Check what species and fishery the oil comes from. Transparent brands publish this on their websites or on-pack.

Check EPA and DHA content per capsule, not total fish oil content. A 1,000 mg fish oil capsule may contain anywhere from around 300 mg to well over 900 mg of actual omega-3s, depending on concentration.

Look for oxidation and contaminant testing references, ideally aligned with the GOED Voluntary Monograph or equivalent third-party testing.

Consider the brand's broader environmental commitments, such as packaging and manufacturing emissions, which often indicate whether sustainability is a programme or a logo.

Blackmores Fish Oil is sourced from wild caught Peruvian anchovies, a small pelagic species low on the food chain. The catch-to-capsule process involves oil extraction within 24 hours of boats docking, laboratory batch testing for mercury, plasticisers, dioxins and pesticides, and stability testing through shelf life, with finished capsules passing 30 checks at Blackmores' Warriewood facility in Sydney. Blackmores has partnered with WWF-Australia on sustainable fish oil sourcing, sources marine oils aligned with Marine Stewardship Council principles, and references CITES to safeguard listed species.

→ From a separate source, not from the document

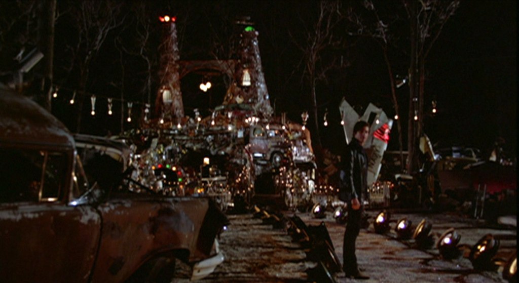 Palace Depression is used symbolically in Eddie and the Cruisers. Eddie takes Joann there when his world is falling apart. Eddie – a simple guy – has been hurt and rejected. He has been misunderstood and discarded yet again by the powers that be. Sitting in the midst of this junk yard Eddie tells Joann about the guy that used to own the place. He says “he actually believed that you could build a castle out of a bunch of junk. What a crock”. After a pause, it seems something has suddenly occurred to Eddie. “Holy shit”, he says, “what a phoney”. I’ve been robbed, Eddie realizes. I come from nothing. From nobody. I’m just some guy from Jersey, as Sal has just reminded him. But I always felt that I had beauty in me. I always felt that, against all the odds, if I got the chance, this beauty could flow out of me. I always thought that I could create a monument out of the trash I’ve been saddled with in life. Despite it all, I could create something great. I thought I had done that. But now I see it’s all come to nothing. Eddie gives up then and aligns himself with Palace Depression. Together, this pile of junk and I have created our own monument to nothing.

For a higher concentration option drawn from the same responsibly sourced supply chain, Blackmores Omega Triple provides concentrated fish omega-3 triglycerides with 540 mg EPA and 360 mg DHA per capsule, offering more omega-3s per capsule than standard 1000 mg fish oil.

Key takeaways for conscious supplement buyers

Sustainability in fish oil is specific, not generic. It comes down to which fishery, which certifications, and how transparent the supply chain is.

Most of the global omega-3 market still comes from wild caught forage fish, so fishery management and third-party certification carry real weight. MSC, MarinTrust, Friend of the Sea and GOED are the labels to look for.

Catch-to-capsule traceability links sustainability to quality. Freshness, low oxidation, low contaminants and verified EPA and DHA content all depend on the integrity of the supply chain.

Plant-based omega-3s have a role, particularly for vegans and vegetarians, but sustainably sourced fish oil remains a strong, efficient source of EPA and DHA when the sourcing can be verified.

The clearest signal of a brand's commitment is usually how much it is willing to show you: fishery, processing, testing and certifications, in detail.

Always read the label and follow the directions for use.

Disclaimer: This article provides general information only and is not intended to diagnose, treat, cure, or prevent any disease. The information presented is not a substitute for professional medical advice. If you have concerns about your health, please consult your GP or healthcare provider for personalised assessment and recommendations. Supplements should not replace a balanced diet.